The Ezaki Kofun (江崎古墳), is a Kofun period burial mound, located in the Kamibayashi-Ezaki neighborhood of the city of Sōja, Okayama Prefecture in the Chugoku region of western Japan. The tumulus was designated a Okayama Prefecture Historic Site in 1986.

==Overview==
The Ezaki Kofun is constructed on a sloping hillside at the foot of a mountain. The tumulus is a zenpō-kōen-fun (前方後円墳), which is shaped like a keyhole, having one square end and one circular end, when viewed from above. The rectangular anterior section is at a higher elevation than the circular posterior section, and the main axis of the tumulus oriented north-south. It is a two-tiered structure, measuring 45 meters in total length, approximately 32 meters in diameter and 5.2 meters in height for the circular section, 25 meters in width and 1.2 meters in height for the rectangular front section. A moat, 3.0-5.8 meters wide and 0.8-1.6 meters deep, is visible from the northern half of the circular section to the rectangular section. While small quantities of haniwa clay figures have been unearthed, the number of fragments is remarkably small, suggesting that they were erected only in very limited or sparse areas. Cylindrical haniwa, morning glory-shaped haniwa, and figurative haniwa were identified, but only one piece Sue ware pottery has been found.

The burial chamber is located slightly south of the center of the circular section and is a double-chambered horizontal-entry stone chamber constructed of natural stones, opening almost to the west. The side walls are made of large granite blocks stacked in two or three layers, with smaller stones filling the gaps, while the back wall consists of a single large granite monolith. The ceiling stones, except for three located from the entrance to the passage, were lost early on, and at the time of the 1984 archaeological excavation, the burial chamber was filled with soil and debris. The total length of the burial chamber is 13.8 meters, with the chamber proper 6.6 meters long and 2.6 meters wide at the back wall narrowing to 2.3 meters at the side walls. The height of the burial chamber is 2.9 meters at the back wall and 2.66 meters to the existing ceiling stone. The entrance passage is 1.7 meters wide and 2.5 meters high, while the entrance to the burial chamber is lower, measuring 1.9 meters in height. The floor area of ​​the burial chamber is 16 square meters, approximately 60 percent of the floor area of ​​the Komorizuka Kofun.

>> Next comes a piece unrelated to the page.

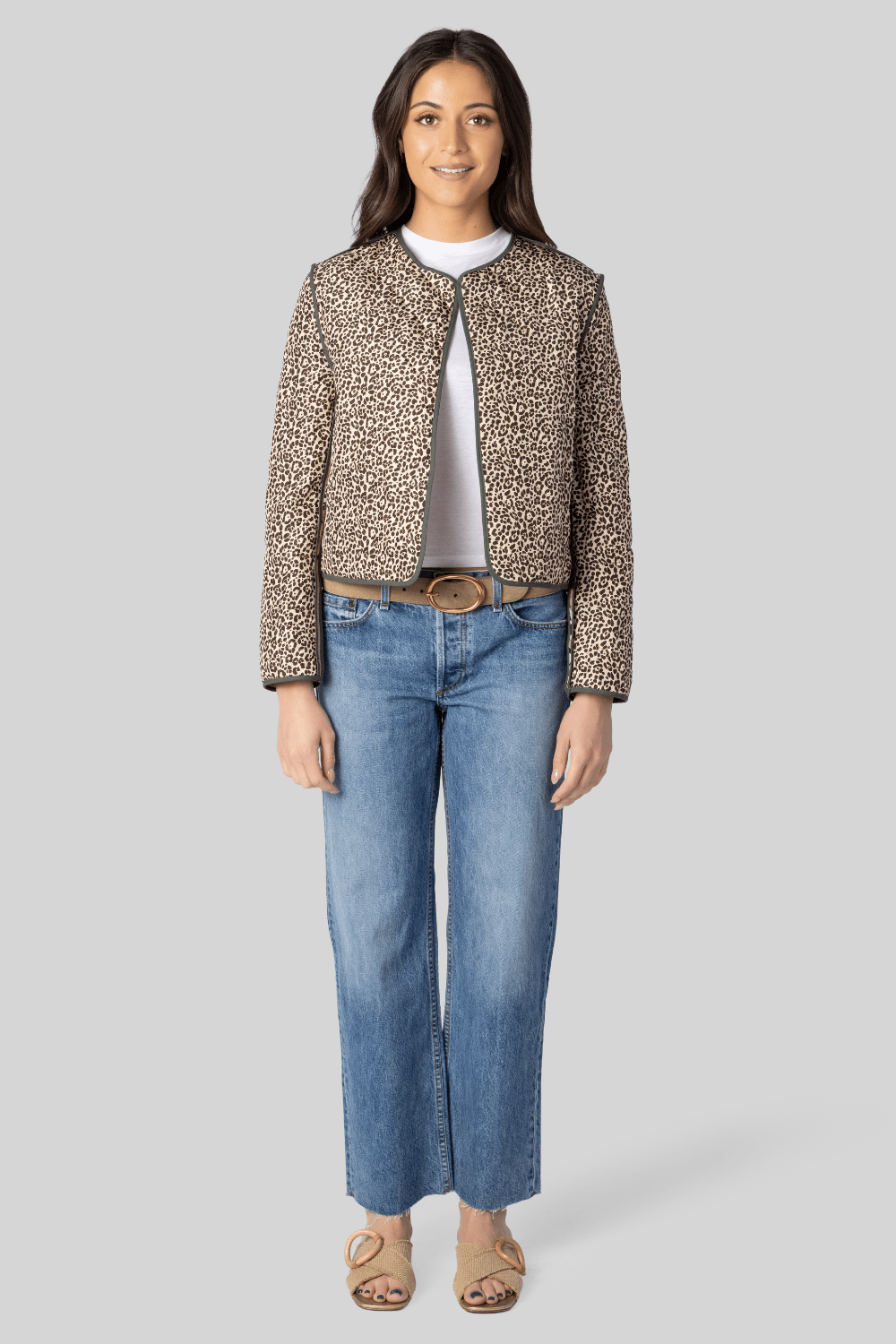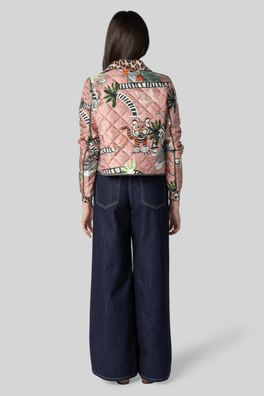 The Cats & Tigers Jacket by Odeeh is a short quilted jacket featuring an inner lining in leopard print fabric, a rounded neckline with an open front, and contrast piping at the edges. The jacket is reversible!

A house-shaped stone sarcophagus, carved out of the wall, occupies almost the center of the burial chamber, close to the right wall. There are two rope-hanging protrusions on each long side of the lid and one on each short side. The rope-hanging protrusions are attached to the sloping surface of the lid, are small and flat, and have no practical function. The southeast corner of the lid is damaged enough for a person to enter, indicating tomb robbery. The coffin body measures 238 cm on the long side of the upper edge, 131 cm on the short side, 238 cm on the long side of the base, 125 cm on the short side, 68 cm in height, and 46 cm in depth. The lid measures 251 cm on the long side, 143 cm on the short side, 43 cm in height, and 16 cm in depth, with a slight bulge in the center of both the long and short sides. The stone material is shell limestone, the same as the stone coffin of the Komorizuka Kofun.

The stone coffin contained the remains of two people. Although their original positions were significantly disturbed by looting, one remains are estimated to be those of a middle-aged male, estimated to be in his late 20s to 30s. His height is estimated to be approximately 156-157 cm. The other remains are estimated to be those of a middle-aged female, estimated to be in her late 30s to close to 40s, based on the more advanced tooth wear compared to the male remains. Her height is thought to be approximately the same as that of the male.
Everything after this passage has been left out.